Flame graphs were invented in 2011 and changed performance analysis forever¶
Brendan Gregg invented flame graphs while at Joyent to visualize stack traces from DTrace and perf profiles. The visualization — where the x-axis is alphabetically sorted (not time-based) and width represents time spent in that function — made it instantly obvious which code paths consumed CPU. Flame graphs are now built into Chrome DevTools, IntelliJ, and most APM tools.
Brendan Gregg's USE method changed how the industry thinks about performance¶
Brendan Gregg, a performance engineer at Netflix (previously Sun/Joyent), created the USE methodology: for every resource, check Utilization, Saturation, and Errors. Published in 2012, USE provides a systematic checklist that prevents the "streetlight effect" — looking only where the tools make it easy to look rather than where the problem actually is.

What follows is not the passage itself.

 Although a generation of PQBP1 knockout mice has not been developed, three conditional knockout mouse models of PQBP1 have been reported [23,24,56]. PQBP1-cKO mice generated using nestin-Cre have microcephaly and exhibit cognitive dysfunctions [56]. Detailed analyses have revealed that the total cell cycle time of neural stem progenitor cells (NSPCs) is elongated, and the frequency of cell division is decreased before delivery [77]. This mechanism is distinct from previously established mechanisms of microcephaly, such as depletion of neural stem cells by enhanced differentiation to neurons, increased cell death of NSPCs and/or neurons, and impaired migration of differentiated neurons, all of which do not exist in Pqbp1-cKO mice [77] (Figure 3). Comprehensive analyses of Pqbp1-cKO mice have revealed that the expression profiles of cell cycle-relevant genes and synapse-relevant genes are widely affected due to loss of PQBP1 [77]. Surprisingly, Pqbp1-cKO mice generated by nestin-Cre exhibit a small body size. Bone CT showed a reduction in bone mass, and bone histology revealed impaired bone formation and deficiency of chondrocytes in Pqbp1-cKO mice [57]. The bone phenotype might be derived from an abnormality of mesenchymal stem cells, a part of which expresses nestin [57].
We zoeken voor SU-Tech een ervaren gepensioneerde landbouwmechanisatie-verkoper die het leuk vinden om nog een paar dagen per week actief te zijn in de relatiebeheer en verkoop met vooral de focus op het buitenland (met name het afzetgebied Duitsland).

Load average is the most misunderstood metric in Linux¶
Load average counts both running AND uninterruptible sleeping (D-state) processes, unlike most other Unix systems that only count running processes. This means a system with zero CPU usage but heavy NFS or disk I/O can show a high load average. The three numbers (1, 5, 15 minutes) are exponentially damped moving averages, not simple arithmetic means.

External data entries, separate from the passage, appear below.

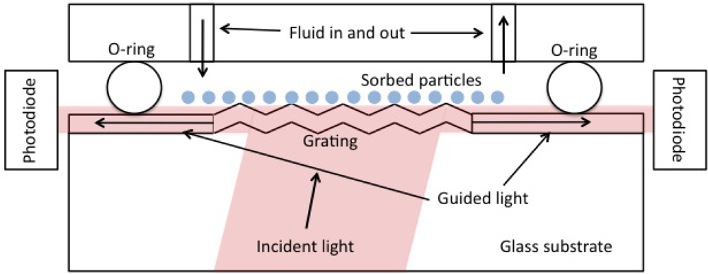 We used an OWLS 120 instrument (Microvacuum, Budapest, Hungary) to measure the mass density of ZTO coatings and pulsed laser deposition (PLD) derived CdSe quantum dots on waveguide surfaces. OWLS is described in detail elsewhere [11,15]. In brief, plane-polarized 633 nm laser light is coupled into a waveguide of approximately 200 nm thickness (range reported by the manufacturer, is 170 to 220 nm) by means of a grating embossed on the waveguide. Under conditions of total internal reflection within the waveguide, light can only traverse the waveguide and be detected if constructive interference occurs. Angles of constructive interference are sensitive to the effective refractive index (N) of the waveguide according to N = nsinα + lλ/Λ where n is the refractive index of air (or other covering medium), λ is the laser wavelength (633 nm), Λ is the grating constant (417 nm for our waveguides), and l is the diffraction order. N depends on the mass of sorbed molecules or material in a coating layer. Figure 1 shows the basic physical configuration of OWLS.
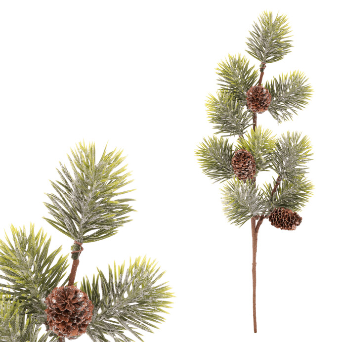 Umělá větev jehličí v zeleném odstínu je doplněna několika šiškami a mírným ojíněním, které dodává přírodní vzhled. Větev je vyrobena z plastu, což zajišťuje snadnou údržbu a dlouhou životnost. Vhodně poslouží jako dekorativní prvek v interiérech i aranžmá s vánoční tematikou. Její detailní zpracování věrně napodobuje skutečné jehličí a přináší do prostoru příjemnou atmosféru.
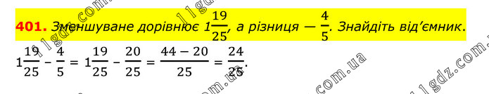 Зменшуване дорівнює 119/25, а різниця — 4/5. Знайдіть від’ємник. 119/25 – 4/5 = 119/25 – 20/25 = (44 - 20)/25 = 24/25.
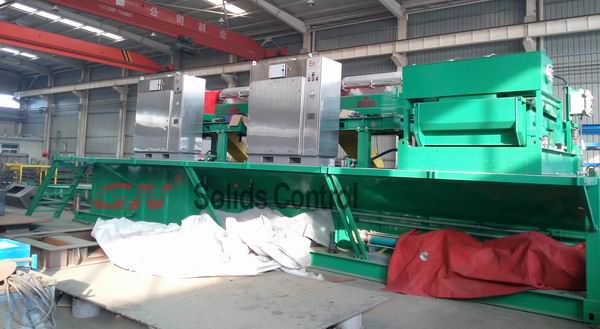 固控系統(tǒng)對(duì)鉆井過(guò)程中鉆井液中的固體顆粒進(jìn)行處理,減少液體中的固體含量,很好的維護(hù)鉆井液性能,滿足鉆井液的循環(huán)、加重、剪切及事故處理等特殊情況下的要求,可有效提高鉆井作業(yè)的效率和安全性。冠能固控剛剛完成了一套以臥螺離心機(jī)為核心處理設(shè)備的泥漿固控系統(tǒng),用于東南亞的采礦項(xiàng)目。 該系統(tǒng)由2級(jí)分離設(shè)備組成,配置構(gòu)成是如下: 1、GNZS594E-HB型振動(dòng)篩用于大顆粒的固相分離,此型號(hào)的振動(dòng)篩也可以用于泥漿的干燥,可調(diào)的激振力, 大可達(dá)8.5G,4片篩網(wǎng)的結(jié)構(gòu)適用于要求處理量更大的鉆井工程中。 2、兩臺(tái)臥螺離心機(jī)用于細(xì)小顆粒的固相分離,第一個(gè)臺(tái)離心機(jī)主要以中速為主,去除泥漿中7個(gè)微米以上的固相顆粒,減少液相中的固體含量,第二臺(tái)高速變頻離心機(jī),高達(dá)3200轉(zhuǎn)/分鐘的轉(zhuǎn)速,可以很好的除去泥漿中2~5個(gè)微米以上的超細(xì)固體顆粒,使鉆井泥漿更清潔。 3、螺桿泵主要用于給離心機(jī)進(jìn)行供漿,水平安裝在泥漿罐的側(cè)面,為罐面設(shè)備的安裝及運(yùn)行過(guò)程中的操作,節(jié)省了很大空間。
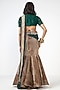 Featuring a crush golden fish-cut skirt in dupion base with sequins hand embroidery. It is paired with a bottle green embroidered blouse. Accentuate it with a kundan polki earrings, a potli bag and metallic heels for sangeet or engagement ceremony.

The D-state (uninterruptible sleep) cannot be killed, not even by kill -9¶
Processes in D-state (shown as "D" in ps/top) are waiting for I/O to complete and cannot be interrupted by any signal, including SIGKILL. This design exists because interrupting a disk write mid-operation could corrupt data. A process stuck in D-state usually indicates a hardware problem, NFS hang, or kernel bug. The only fix is often a reboot.
IO wait percentage lies more than any other metric¶
%iowait in top/vmstat is the percentage of time the CPU was idle while there was outstanding I/O. But it is only measured on idle CPUs — if the system is CPU-busy, iowait drops to zero even if I/O is slow. It also varies wildly between measurement intervals. The correct way to measure I/O performance is iostat -x examining await, r_await, and w_await.
dstat was the universal performance tool — and then it was abandoned¶
dstat, which combined vmstat, iostat, netstat, and ifstat into one color-coded real-time output, was one of the most beloved Linux tools. Its creator, Dag Wieers, stopped maintaining it around 2019. The Python 2-to-3 transition killed it. dool is a community fork, and many admins have switched to glances or btop.
The first 60 seconds of triage follow a known script¶
Brendan Gregg's famous "Linux Performance Analysis in 60 Seconds" prescribes exactly 10 commands: uptime, dmesg | tail, vmstat 1, mpstat -P ALL 1, pidstat 1, iostat -xz 1, free -m, sar -n DEV 1, sar -n TCP,ETCP 1, and top. This checklist has been adopted by SRE teams worldwide and is taught in Netflix's internal training.